Package org.keycloak.spi.infinispan

Interface JGroupsCertificateProvider

All Superinterfaces:

Provider

All Known Implementing Classes:

DatabaseJGroupsCertificateProvider, FileJGroupsCertificateProvider

public interface JGroupsCertificateProvider
extends Provider

A Provider for the TLS certificate for JGroups communication.

Implementation notes

If the method isEnabled() returns true, then the implementation must also implement keyManager() and trustManager().
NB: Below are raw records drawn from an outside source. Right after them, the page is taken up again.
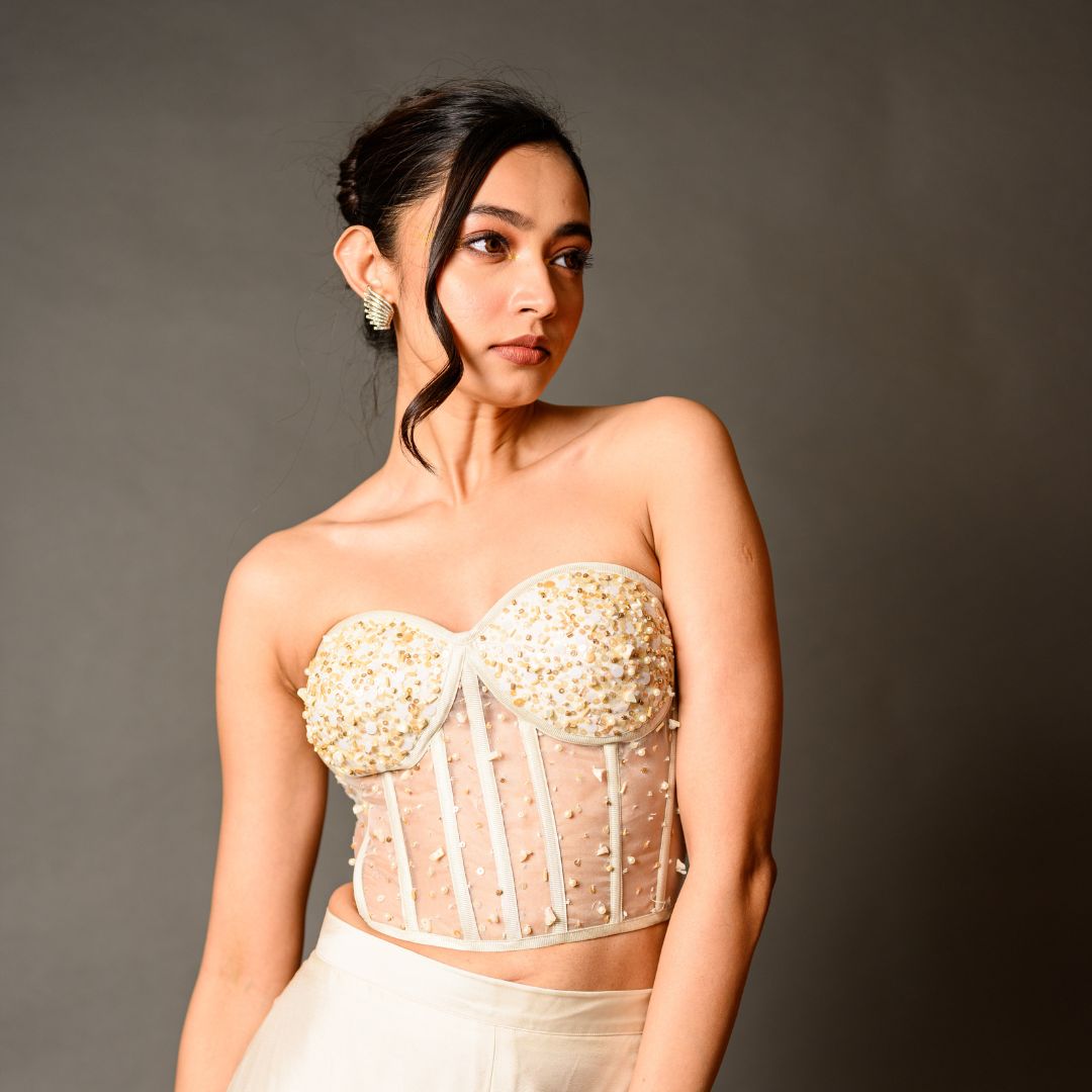 Fierce vibes only! This corset top, feather cape, and tailored trousers set is for the woman who’s unapologetically herself. When you’re ready to serve looks and take names, this is the outfit that’ll make it happen!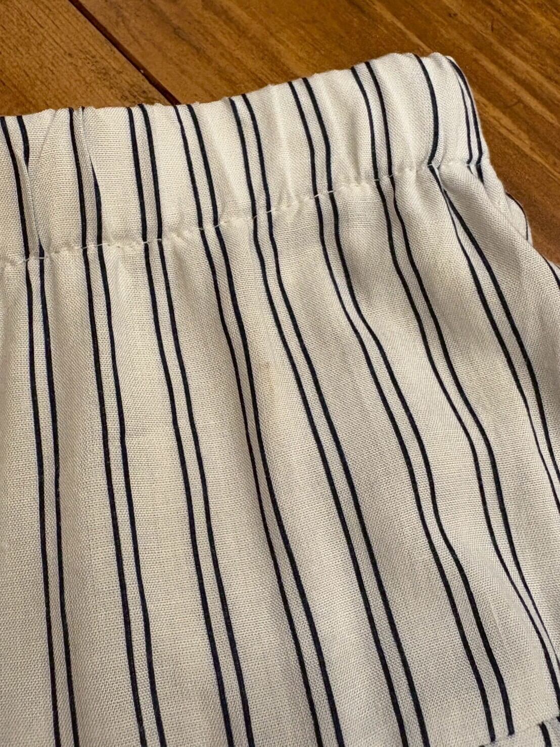 白に爽やかなネイビーのストライプがかわいいプリーツフレアシルエットのロングスカート。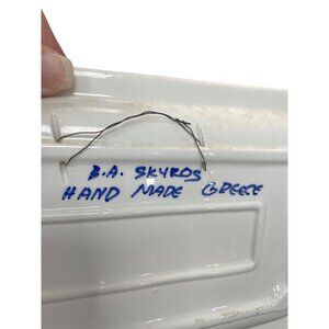 This exquisite Skyros Blue handpainted trinket dish from Greece is perfect for serving or displaying small items. Its artisan craftsmanship and vibrant design make it a unique addition to any home. Beautiful with a very tiny chip of left side edge of dish but doesnt affetct the display at it is unseen. No other defects noted. SKU 9500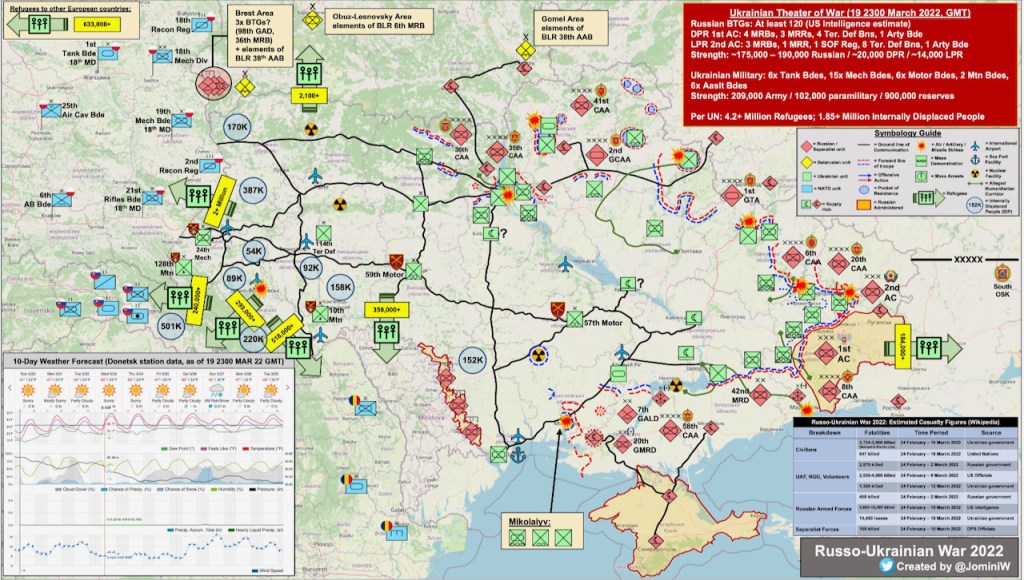 If you have served in the military you very likely have heard of the Common Operating Picture, or COP. Twitter user Jomini of the West (@JominiW) produces a daily map that is the closest to a COP I have seen out there. From a pure conflict wargamer perspective this one might be the most “familiar” given the force laydowns depicted.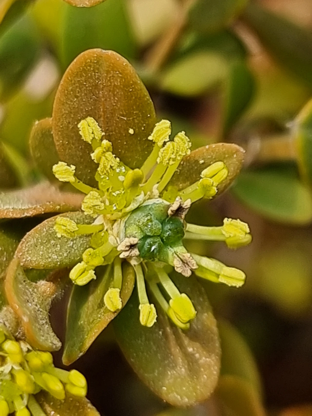 가운데 암술 하나에 4개의 수술이 그 주위를 빙 둘러 서있다.

If the method supportRotateAndReload() returns true, then the implementation must also implement rotateCertificate(), reloadCertificate() and nextRotation().

Field Summary

Fields

Modifier and Type	Field	Description
static final JGroupsCertificateProvider	DISABLED

Method Summary

Modifier and Type	Method	Description
default void	close()
default boolean	isEnabled()
default KeyManager	keyManager()	Returns a managed KeyManager.
default Duration	nextRotation()	Returns when the next certificate rotation is required.
default void	reloadCertificate()	Reloads the most recent certificate and apply it to the KeyManager and TrustManager.
default void	rotateCertificate()	A new certificate must be generated.
default boolean	supportRotateAndReload()
default TrustManager	trustManager()	Returns a managed TrustManager.

Field Details

DISABLED

static final JGroupsCertificateProvider DISABLED

Method Details

rotateCertificate

default void rotateCertificate()

A new certificate must be generated.

The generated certificate should not be used immediately, but only after reloadCertificate() is invoked.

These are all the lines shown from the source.